Aleph-ILLiad NCIP Integration

NCIP integration work continued. All three pilot libraries now have ILL collections and item statuses created in Aleph TEST for working with borrowed ILL items.

Conferences, workshops and professional development

David Durden earned his official Data Carpentry Instructor Certificate. All instructors must complete an Instructor Training program, which teaches instructional pedagogy as well as the practicalities of teaching a Carpentries workshop. David can now teach Data Carpentry workshops locally on the UMD campus, or travel to other institutions to run workshops. Congratulations, David!

Robin Pike, Rebecca Wack, and Laura Schnitker (SCUA) guest-lectured for Beatriz Haspo’s class LBSC786 Library and Archives Preservation about the preservation of audio and video collections on March 26.

Josh Westgard presented an update on UMD’s Fedora activities at the DC Fedora User Group meeting at the National Library of Medicine on May 7-8th.

Kate Dohe guest lectured for Lindsay Carpenter’s class on April 16, LBSC734 “Seminar in the Academic Library.” She spoke on digital repositories, intersectional feminism, and veggie wraps in the academic library.
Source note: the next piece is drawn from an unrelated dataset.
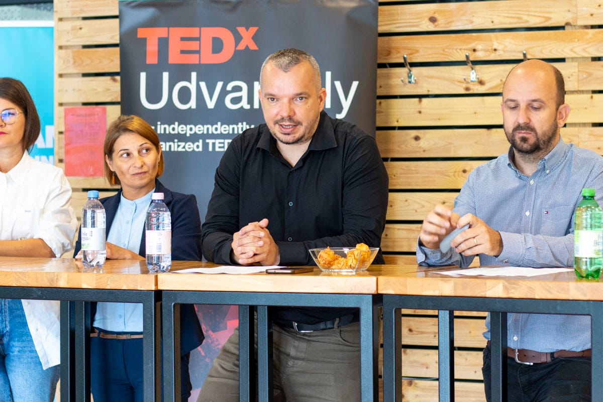 Július 10-én, csütörtökön a Hargita Business Center vállalkozói inkubátorház konferenciatermében tartott sajtótájékoztatón ismertették a szervezők az idei TEDxUdvarhely újdonságait és előadóit. Az esemény végén Berkeczi Zsoltot, a rendezvény adminisztratív hátterét biztosító Hargita Business Center igazgatóját is sikerült néhány kérdés erejéig mikrofonvégre kapnunk. Többek között arról kérdeztük, hogy lát-e olyan udvarhelyi előadókat, akik szerinte a globális TED-színpadon is megállnák a helyüket; melyik előadást várja a leginkább; és végül, de nem utolsósorban, miért éppen az lett az idei év témája, ami.

Robin and Pam volunteered at Maryland Day in the UMD Libraries tent in front of McKeldin. NDNP promotional materials were handed out to Maryland Day attendees. Also, Pam is serving as the intern for the Society of American Archivist’s Digital Archives Specialist (DAS) Subcommittee to the Committee on Education for 2018-2019 and presented part one of her survey analysis results at their April 15 meeting. She helped develop a DAS student survey, which had been distributed earlier this year and will provide additional analysis at their next meeting in May.

One thought on “Stew of the month: March/April 2019

  1. Fran Minakowski May 14, 2019 / 12:15 pm

    The Maryland Public Television team remains delighted to be collaborating with the U of MD Libraries on the year-long exhibit titled “Made Possible By Viewers Like You: Maryland Public Television Turns 50.” Kudos on the snazzy poster that promotes the Sept. 2019-Aug.2020 exhibit!